### [Directions for this task]
Reproduce the full listing as it stands. Images do not belong in the copy.

### [Records supplied]
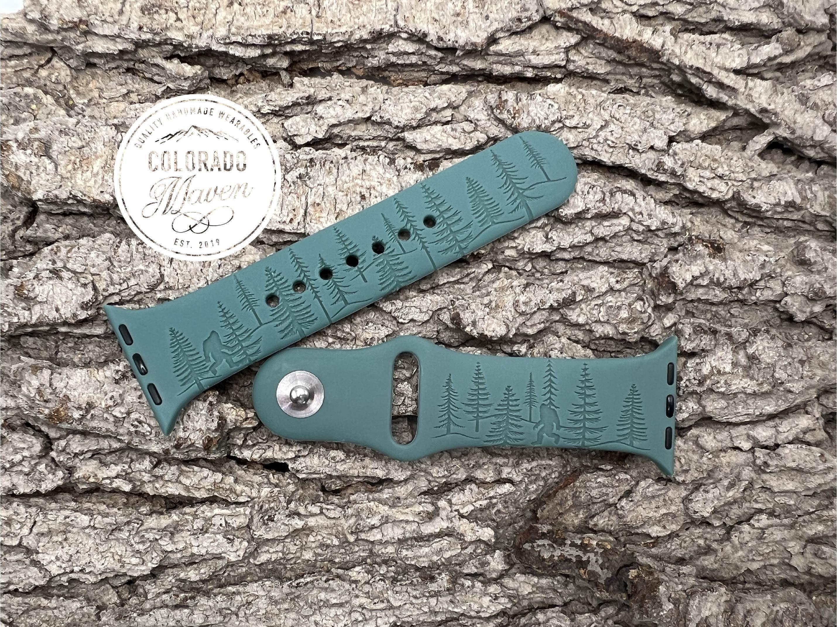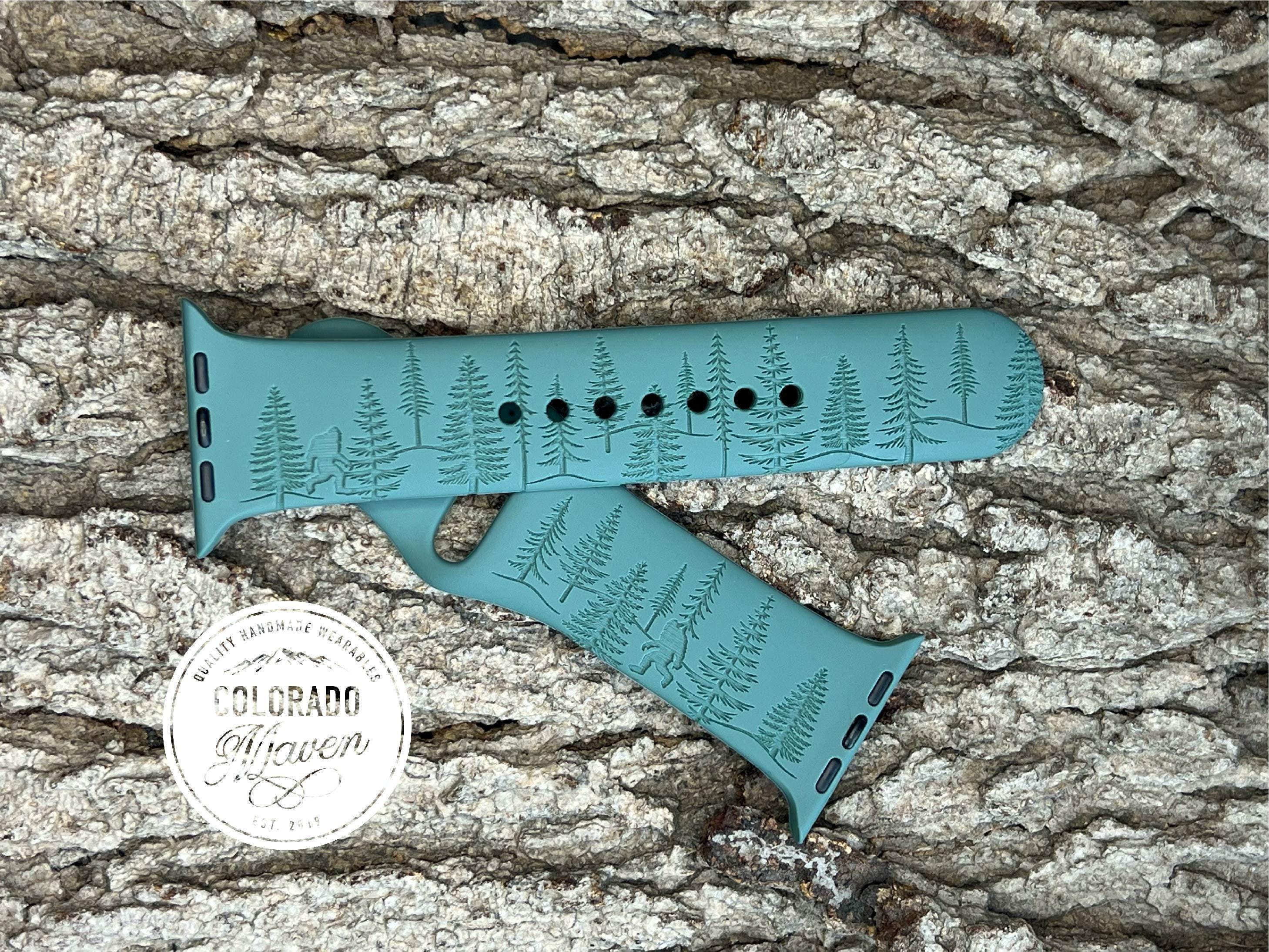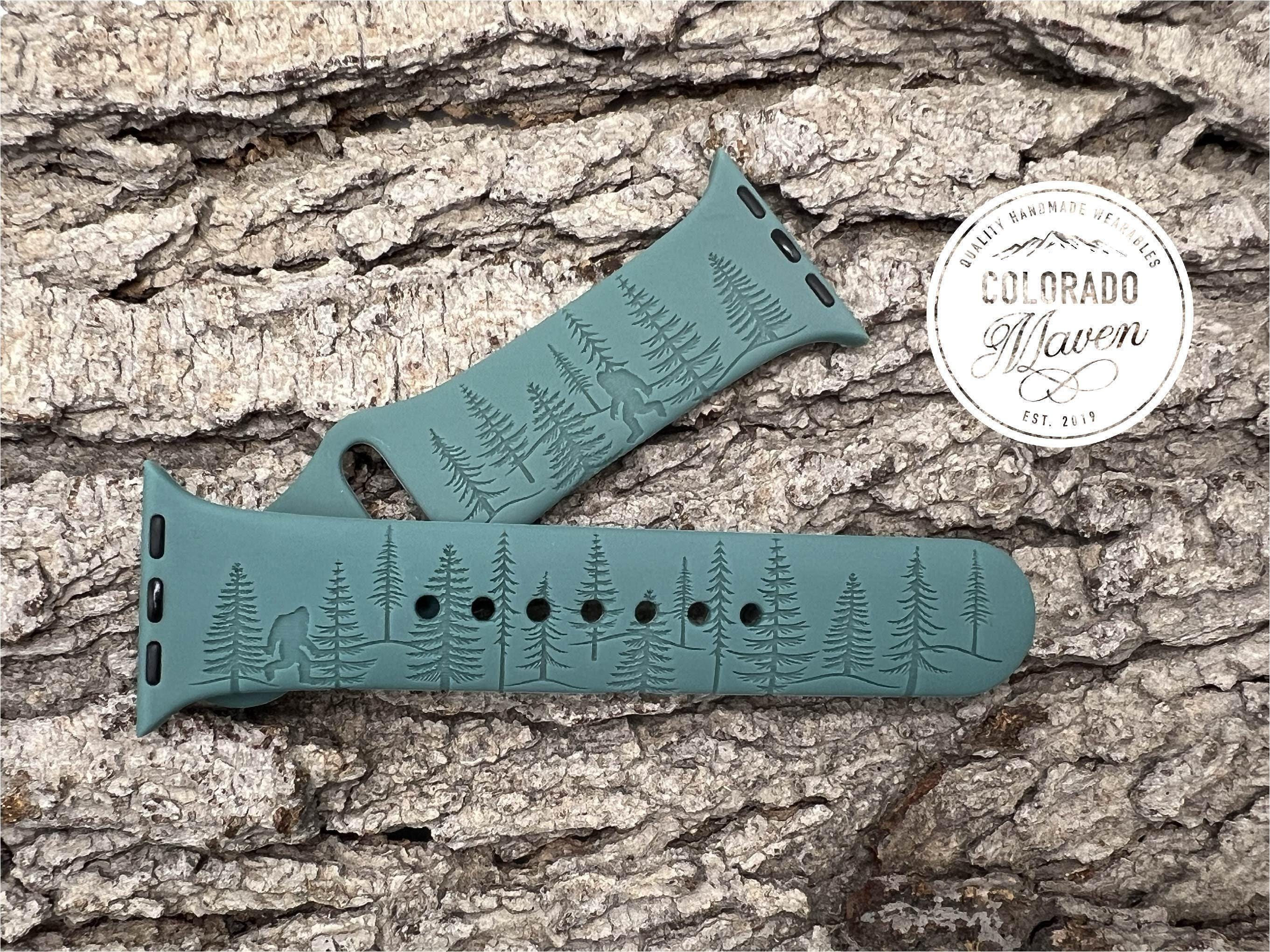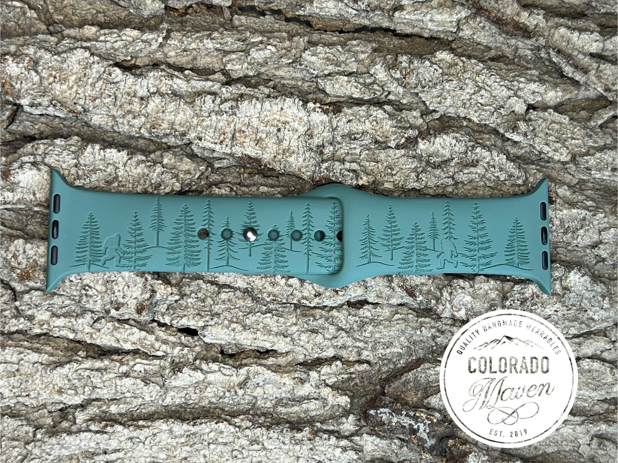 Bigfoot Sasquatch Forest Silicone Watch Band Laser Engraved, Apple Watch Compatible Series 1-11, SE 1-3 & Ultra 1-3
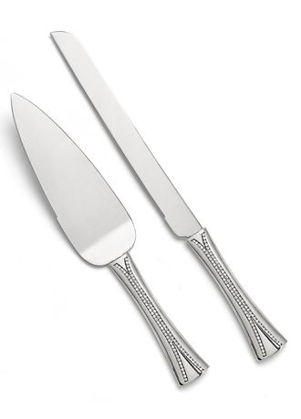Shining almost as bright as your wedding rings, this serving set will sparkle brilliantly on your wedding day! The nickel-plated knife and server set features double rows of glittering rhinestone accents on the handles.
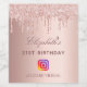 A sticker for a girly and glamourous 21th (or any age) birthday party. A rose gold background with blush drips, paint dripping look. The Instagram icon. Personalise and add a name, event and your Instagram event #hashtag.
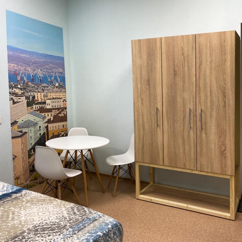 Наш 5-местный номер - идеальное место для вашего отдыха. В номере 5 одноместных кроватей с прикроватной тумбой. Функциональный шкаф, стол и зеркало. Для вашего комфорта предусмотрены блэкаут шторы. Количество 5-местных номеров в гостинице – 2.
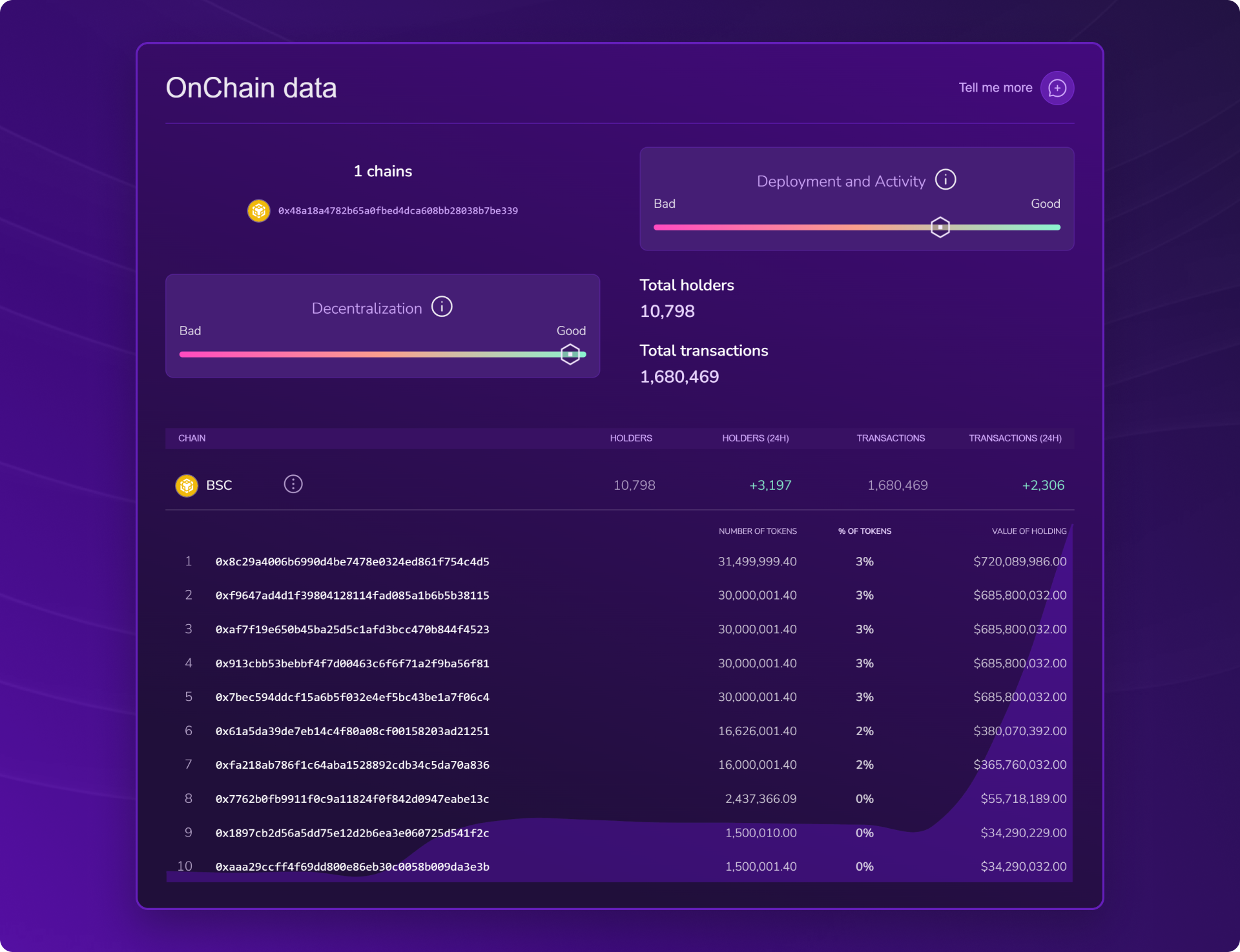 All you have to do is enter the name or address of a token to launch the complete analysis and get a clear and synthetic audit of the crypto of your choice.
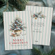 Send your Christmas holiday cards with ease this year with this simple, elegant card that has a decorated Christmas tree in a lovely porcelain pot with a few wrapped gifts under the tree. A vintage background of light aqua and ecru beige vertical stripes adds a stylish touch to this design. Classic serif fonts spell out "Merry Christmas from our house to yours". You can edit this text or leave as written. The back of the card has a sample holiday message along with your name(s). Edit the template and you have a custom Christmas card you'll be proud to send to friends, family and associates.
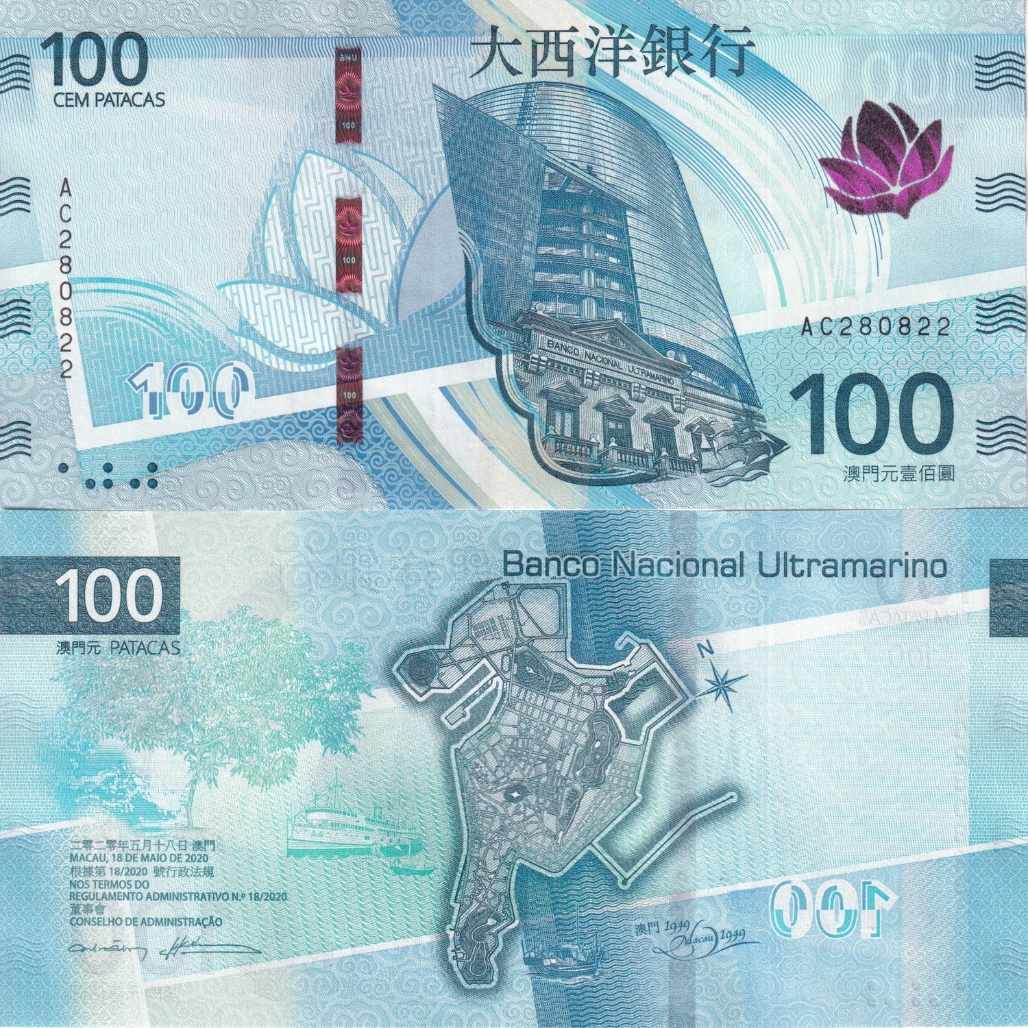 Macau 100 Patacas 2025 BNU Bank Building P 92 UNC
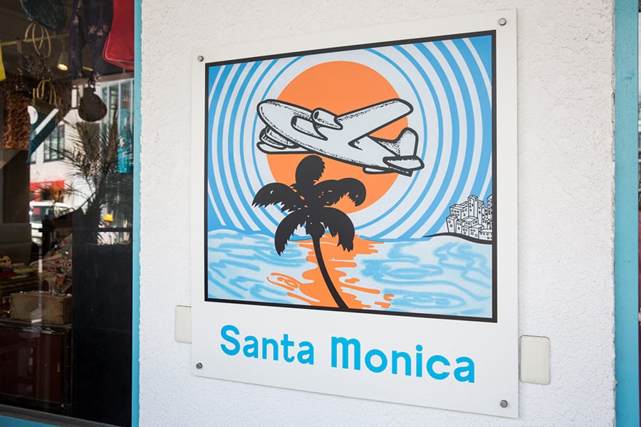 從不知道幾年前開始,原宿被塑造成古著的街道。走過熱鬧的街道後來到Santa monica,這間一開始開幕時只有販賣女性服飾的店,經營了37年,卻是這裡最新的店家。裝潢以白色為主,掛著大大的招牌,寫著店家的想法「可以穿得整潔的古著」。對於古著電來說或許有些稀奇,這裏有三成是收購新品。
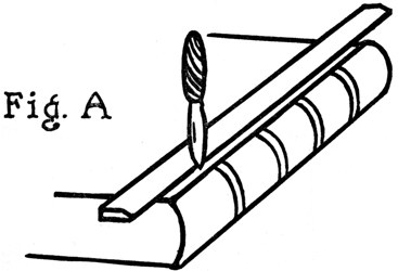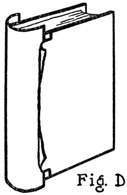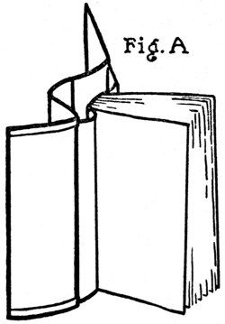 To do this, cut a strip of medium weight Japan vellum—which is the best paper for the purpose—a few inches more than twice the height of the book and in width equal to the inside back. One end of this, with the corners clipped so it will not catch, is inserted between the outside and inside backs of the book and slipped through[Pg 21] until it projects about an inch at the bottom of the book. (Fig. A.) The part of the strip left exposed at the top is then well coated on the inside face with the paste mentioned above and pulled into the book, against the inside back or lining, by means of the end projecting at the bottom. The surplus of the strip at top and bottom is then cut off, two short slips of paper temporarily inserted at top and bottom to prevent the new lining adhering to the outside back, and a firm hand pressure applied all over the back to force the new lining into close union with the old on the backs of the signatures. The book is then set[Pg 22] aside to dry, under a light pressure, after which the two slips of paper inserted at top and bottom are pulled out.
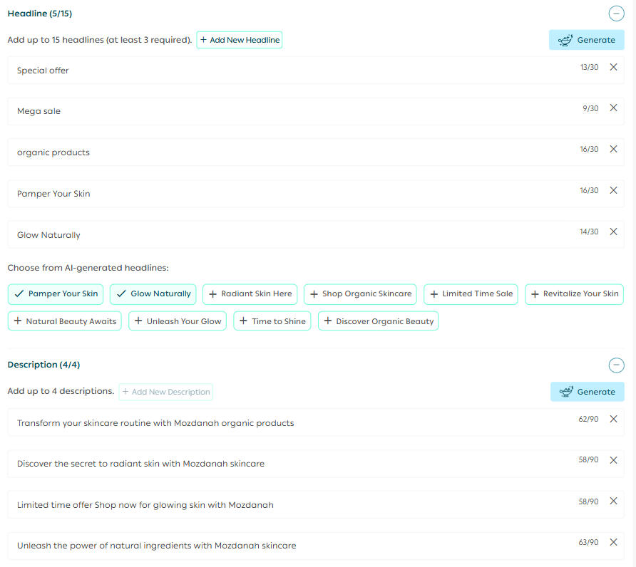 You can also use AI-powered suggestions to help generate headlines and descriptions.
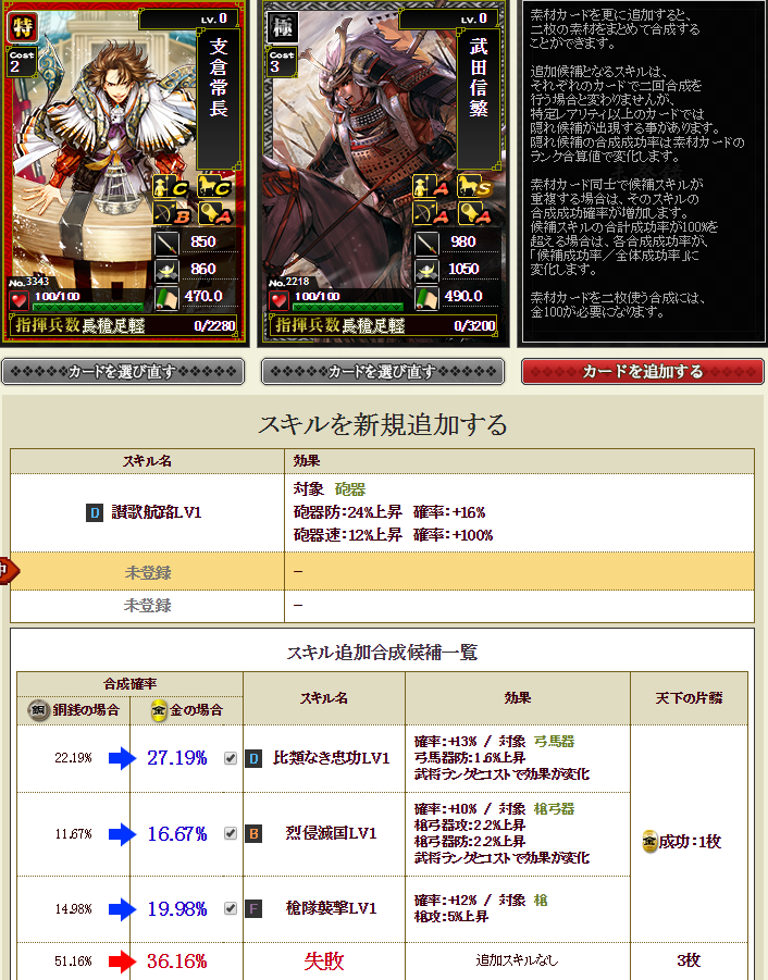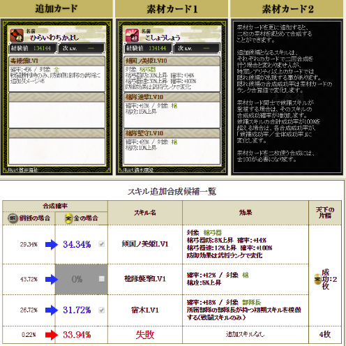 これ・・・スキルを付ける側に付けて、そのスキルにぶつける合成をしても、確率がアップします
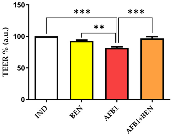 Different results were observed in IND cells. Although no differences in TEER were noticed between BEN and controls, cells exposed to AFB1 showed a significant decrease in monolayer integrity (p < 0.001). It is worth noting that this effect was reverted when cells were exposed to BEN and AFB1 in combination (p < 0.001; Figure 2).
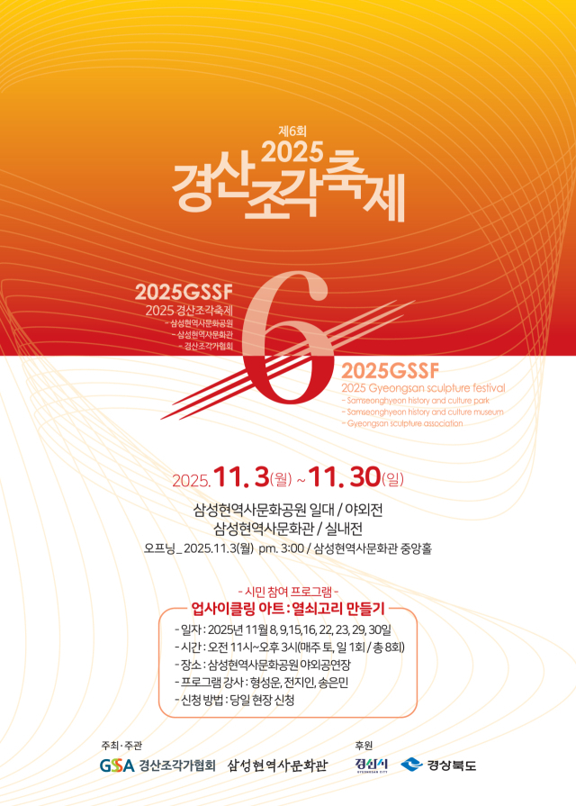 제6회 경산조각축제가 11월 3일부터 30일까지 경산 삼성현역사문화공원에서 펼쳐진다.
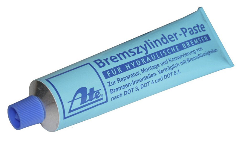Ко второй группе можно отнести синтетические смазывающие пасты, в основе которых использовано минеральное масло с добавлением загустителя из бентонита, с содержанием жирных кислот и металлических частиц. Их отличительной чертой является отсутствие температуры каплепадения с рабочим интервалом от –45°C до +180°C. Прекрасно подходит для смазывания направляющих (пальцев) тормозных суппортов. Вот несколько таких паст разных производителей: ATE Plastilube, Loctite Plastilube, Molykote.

### [Reply to the exercise]
 Bigfoot Sasquatch Forest Silicone Watch Band Laser Engraved, Apple Watch Compatible Series 1-11, SE 1-3 & Ultra 1-3
Shining almost as bright as your wedding rings, this serving set will sparkle brilliantly on your wedding day! The nickel-plated knife and server set features double rows of glittering rhinestone accents on the handles.
 A sticker for a girly and glamourous 21th (or any age) birthday party. A rose gold background with blush drips, paint dripping look. The Instagram icon. Personalise and add a name, event and your Instagram event #hashtag.
 Наш 5-местный номер - идеальное место для вашего отдыха. В номере 5 одноместных кроватей с прикроватной тумбой. Функциональный шкаф, стол и зеркало. Для вашего комфорта предусмотрены блэкаут шторы. Количество 5-местных номеров в гостинице – 2.
 All you have to do is enter the name or address of a token to launch the complete analysis and get a clear and synthetic audit of the crypto of your choice.
 Send your Christmas holiday cards with ease this year with this simple, elegant card that has a decorated Christmas tree in a lovely porcelain pot with a few wrapped gifts under the tree. A vintage background of light aqua and ecru beige vertical stripes adds a stylish touch to this design. Classic serif fonts spell out "Merry Christmas from our house to yours". You can edit this text or leave as written. The back of the card has a sample holiday message along with your name(s). Edit the template and you have a custom Christmas card you'll be proud to send to friends, family and associates.
 Macau 100 Patacas 2025 BNU Bank Building P 92 UNC
 從不知道幾年前開始,原宿被塑造成古著的街道。走過熱鬧的街道後來到Santa monica,這間一開始開幕時只有販賣女性服飾的店,經營了37年,卻是這裡最新的店家。裝潢以白色為主,掛著大大的招牌,寫著店家的想法「可以穿得整潔的古著」。對於古著電來說或許有些稀奇,這裏有三成是收購新品。
 To do this, cut a strip of medium weight Japan vellum—which is the best paper for the purpose—a few inches more than twice the height of the book and in width equal to the inside back. One end of this, with the corners clipped so it will not catch, is inserted between the outside and inside backs of the book and slipped through[Pg 21] until it projects about an inch at the bottom of the book. (Fig. A.) The part of the strip left exposed at the top is then well coated on the inside face with the paste mentioned above and pulled into the book, against the inside back or lining, by means of the end projecting at the bottom. The surplus of the strip at top and bottom is then cut off, two short slips of paper temporarily inserted at top and bottom to prevent the new lining adhering to the outside back, and a firm hand pressure applied all over the back to force the new lining into close union with the old on the backs of the signatures. The book is then set[Pg 22] aside to dry, under a light pressure, after which the two slips of paper inserted at top and bottom are pulled out.
 You can also use AI-powered suggestions to help generate headlines and descriptions.
 これ・・・スキルを付ける側に付けて、そのスキルにぶつける合成をしても、確率がアップします
 Different results were observed in IND cells. Although no differences in TEER were noticed between BEN and controls, cells exposed to AFB1 showed a significant decrease in monolayer integrity (p < 0.001). It is worth noting that this effect was reverted when cells were exposed to BEN and AFB1 in combination (p < 0.001; Figure 2).
 제6회 경산조각축제가 11월 3일부터 30일까지 경산 삼성현역사문화공원에서 펼쳐진다.
Ко второй группе можно отнести синтетические смазывающие пасты, в основе которых использовано минеральное масло с добавлением загустителя из бентонита, с содержанием жирных кислот и металлических частиц. Их отличительной чертой является отсутствие температуры каплепадения с рабочим интервалом от –45°C до +180°C. Прекрасно подходит для смазывания направляющих (пальцев) тормозных суппортов. Вот несколько таких паст разных производителей: ATE Plastilube, Loctite Plastilube, Molykote.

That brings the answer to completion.